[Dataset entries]
● ● ● ● ●
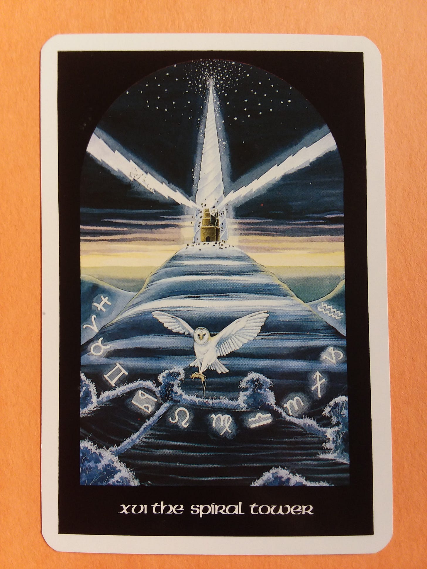 Digging through my fanny pack, I find one of the blank cards is filling in the image of XVI-THE SPIRAL TOWER of the Arthurian Tarot deck, showing the moment the lightning bolts struck.
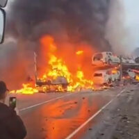 На опубликованных в сети кадрах видно, что пламя охватило машины полностью. По информации канала, в результате произошедшего водитель одного из грузовиков получил травмы, несовместимые с жизнью. На месте ДТП работали сотрудники экстренных служб. Кроме того, после аварии инспекторы ДПС ограничивали движение транспорта в обоих направлениях.
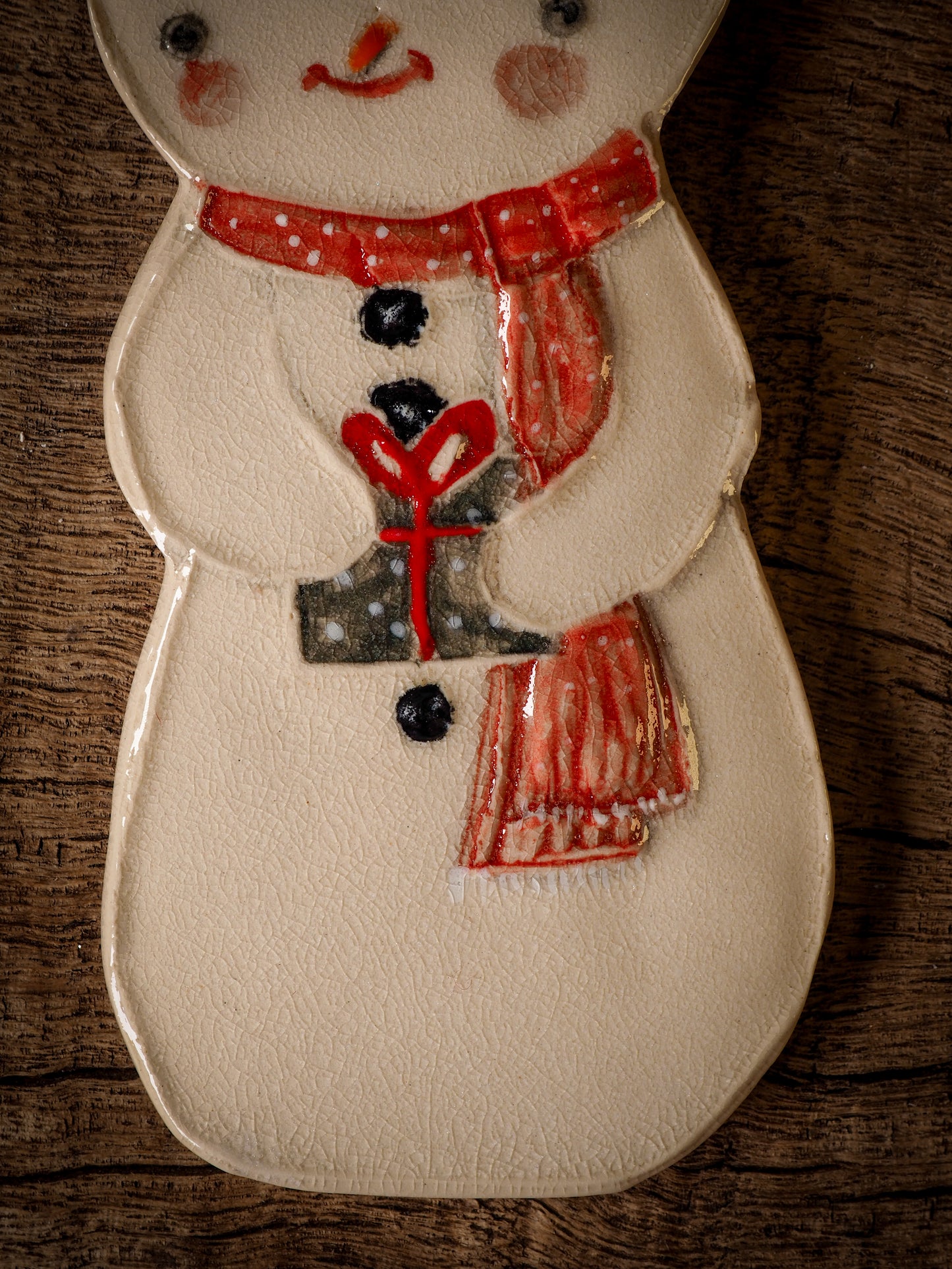 This is an original handmade fire glazed ceramic Christmas tree ornament by Danita Art.
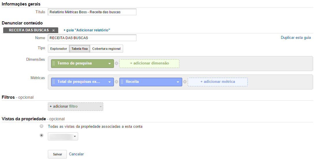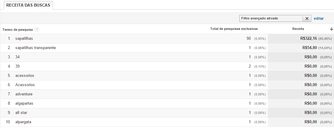 O relatório personalizado que criamos é para conseguir ver a receita das buscas do seu site e com isso você verá o relatório dessa forma:
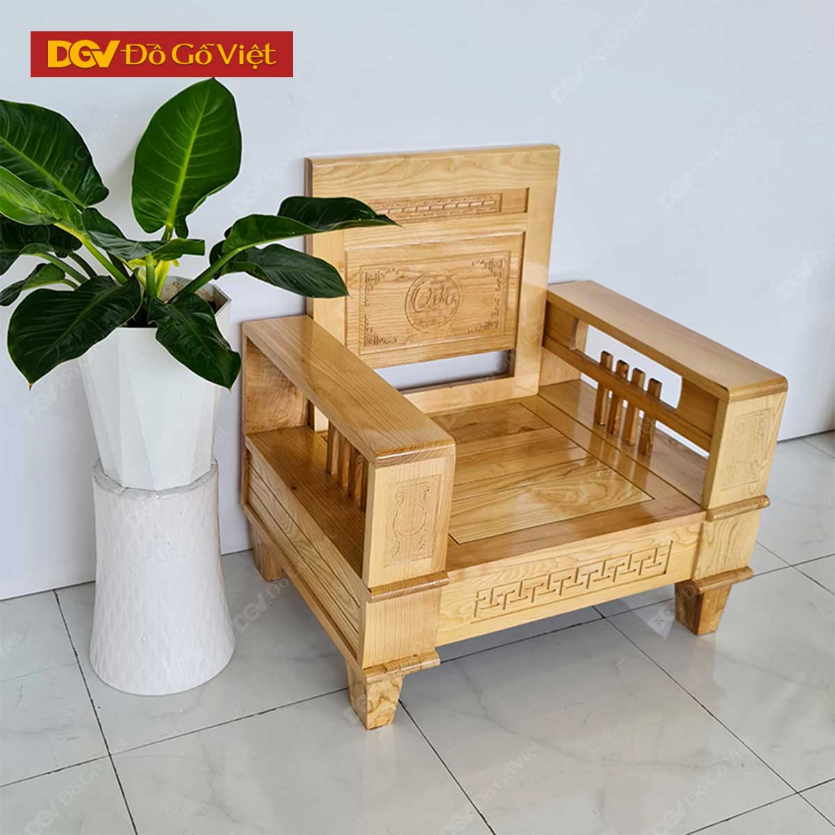 Sofa Gỗ Sồi Mỹ Tối Giản Hiện Đại Lưng Ghế Nan Dọc
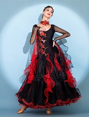 Vestido de dança de salão feminino, preto, vermelho, bordado de chamas, babados, organza, tango, foxtrot, paso doble, competição, vestido de apresentação
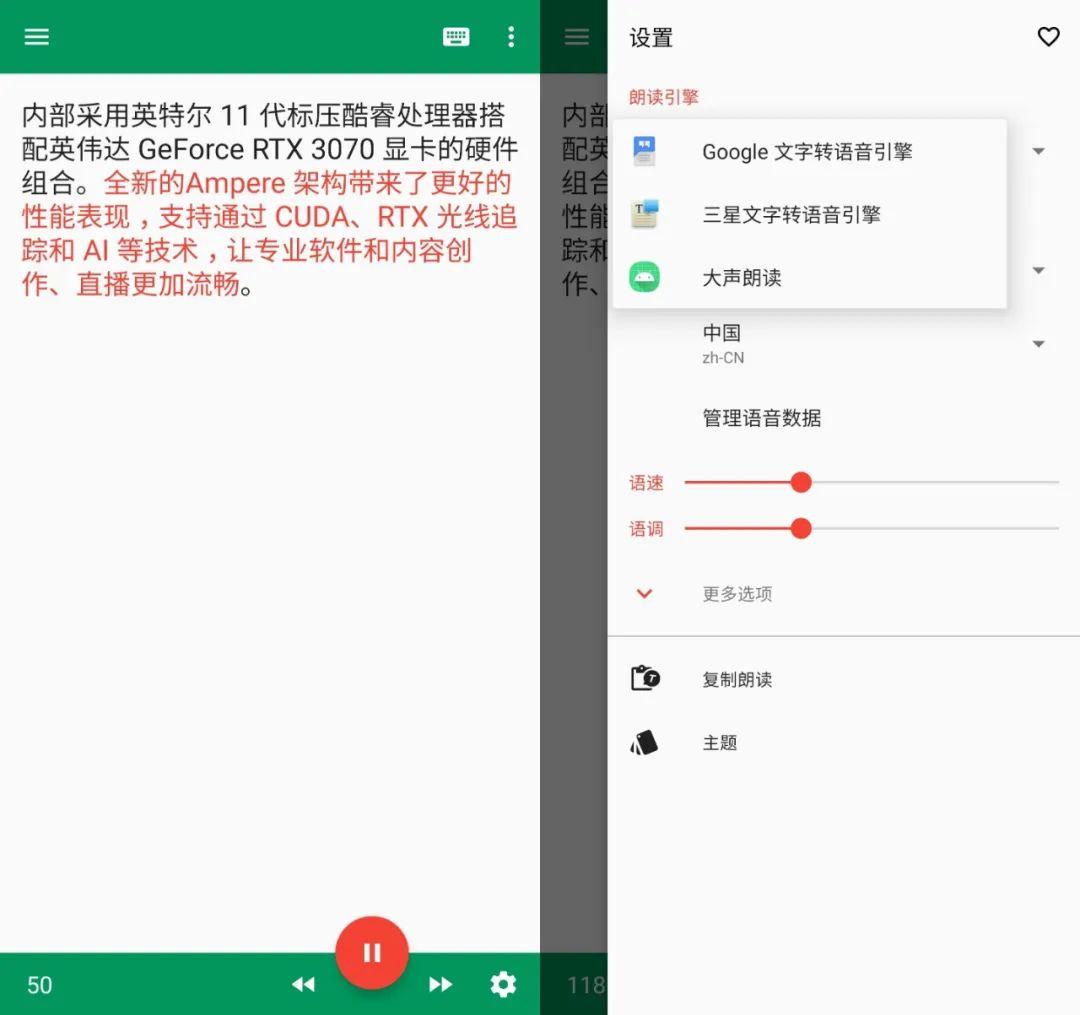 所以如果你是重度听书用户,我们还是建议你使用手机或听书 App 自带的语音引擎,又或是无需网络且兼容性更佳的谷歌语音引擎。
● ● ● ● ●
- WHAT IS EXPECTED -
Repeat the data exactly, without the pictures.

- OUTPUT OF THE EXERCISE -
 Digging through my fanny pack, I find one of the blank cards is filling in the image of XVI-THE SPIRAL TOWER of the Arthurian Tarot deck, showing the moment the lightning bolts struck.
 На опубликованных в сети кадрах видно, что пламя охватило машины полностью. По информации канала, в результате произошедшего водитель одного из грузовиков получил травмы, несовместимые с жизнью. На месте ДТП работали сотрудники экстренных служб. Кроме того, после аварии инспекторы ДПС ограничивали движение транспорта в обоих направлениях.
 This is an original handmade fire glazed ceramic Christmas tree ornament by Danita Art.
 O relatório personalizado que criamos é para conseguir ver a receita das buscas do seu site e com isso você verá o relatório dessa forma:
 Sofa Gỗ Sồi Mỹ Tối Giản Hiện Đại Lưng Ghế Nan Dọc
 Vestido de dança de salão feminino, preto, vermelho, bordado de chamas, babados, organza, tango, foxtrot, paso doble, competição, vestido de apresentação
 所以如果你是重度听书用户,我们还是建议你使用手机或听书 App 自带的语音引擎,又或是无需网络且兼容性更佳的谷歌语音引擎。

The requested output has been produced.